The International Consortium of Investigative Journalists spent more than a year structuring, researching and analyzing the more than 11.9 million records in the Pandora Papers leak. The task involved three main elements: journalists, technology and time.

This new investigation on the most famous tax havens in the world. A journalistic collaboration of unprecedented scope, which brought together 617 journalists and allowed the identification of more than 29,000 beneficiaries of offshore companies.

A gesture, even the most insignificant, can sometimes make a name enter the collective memory. Pandora, for example, owes her notoriety to the simple fact of having opened a box, letting all the evils of the earth escape in the process. In 2021, history repeats itself. A new “box” has just been opened. And it is likely to cause some upheaval.

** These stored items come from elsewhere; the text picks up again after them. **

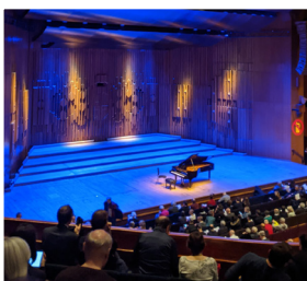
LIVE PRODUCTION WORSHIP RACING
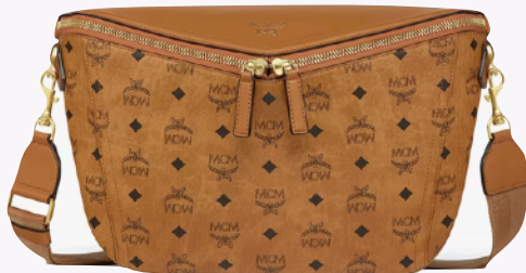
DIAMANT 3D CROSSBODY IN VISETOS LEATHER MIX (MEDIUM)
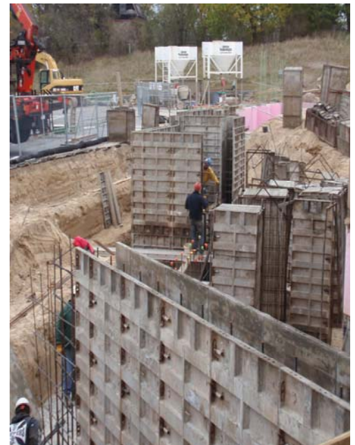
Contractors set forms for basement walls and foundations.
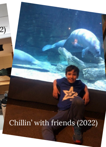
Chillin' with friends (2022)
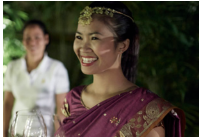
Introduction to Thai Language Class
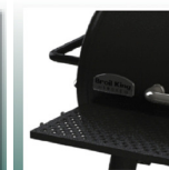
Durable Front Shelf
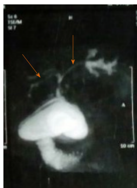
Figure 2 Magnetic resonance cholangiopancreatography of a patient with inflammatory bowel disease and primary sclerosing cholangitis showing dilatation of the intra- and extra-hepatic biliary tree with multiple strictures (arrows).
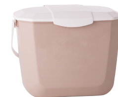
Kitchen Scrap Pail $12.00
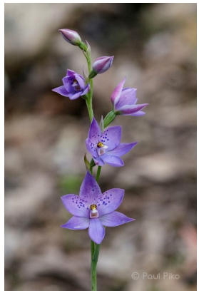
Thelymitra ixioides Spotted Sun-orchid
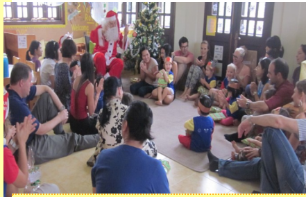
Santa Comes to visit us for our class Christmas party

Over the last few months we've had lots of celebrations; Christmas and Tet and Valentines day! We have also been celebrating ourselves: Who we are and what we can do! This lovely cele-
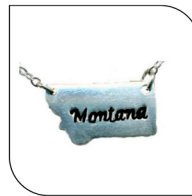
129 MT MINI MONTANA $19 EACH; MIN: 1
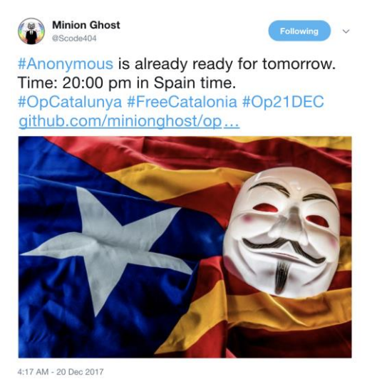
Figure 2: @Scode404 Announcing the official start time for OpCatalunya

In October 2017, citizens of Catalonia – an autonomous community in Spain - held an independence referendum. This call for independence created a conflict between the Catalan leadership and Spanish government and increased law enforcement presence in Catalonia. As a result, the hacktivist group Anonymous launched a <u>series of cyber-attacks</u> against Spanish institutions in protest. The Anonymous operation has already seen three waves of attacks with a fourth operation staged to begin on December 21, 2017 in parallel with Catalans regional election.
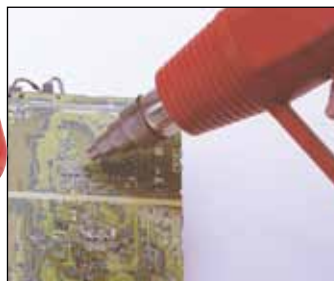
HG1500 heat gun being used to desolder an electronics board.
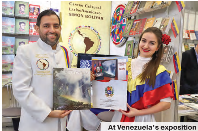
At Venezuela’s exposition
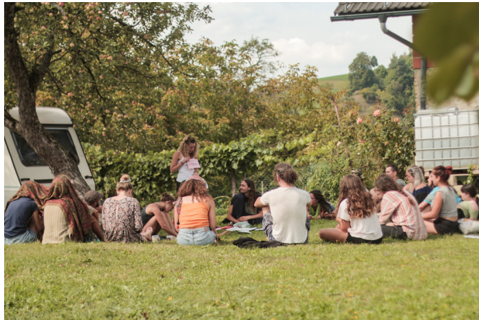
Participants of the From Grey to Green: Sustainability and regeneration through 4 dimensions Youth Exchange in Slovenia
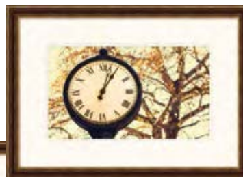
Old Style Clock, 28"W x 20"H

The investigation is based on a leak of confidential records of 14 offshore service providers that give professional services to wealthy individuals and corporations seeking to incorporate shell companies, trusts, foundations and other entities in low- or no-tax jurisdictions. The entities enable owners to conceal their identities from the public and sometimes from regulators. Often, the providers help them open bank accounts in countries with light financial regulation.

The records include an unprecedented amount of information on so-called beneficial owners of entities registered in the British Virgin Islands, Seychelles, Hong Kong, Belize, Panama, South Dakota and other secrecy jurisdictions. They also contain information on the shareholders, directors and officers. In addition to the rich, the famous and the infamous, those exposed by the leak include people who don’t represent a public interest and who don’t appear in our reporting, such as small business owners, doctors and other, usually affluent, individuals away from the public spotlight.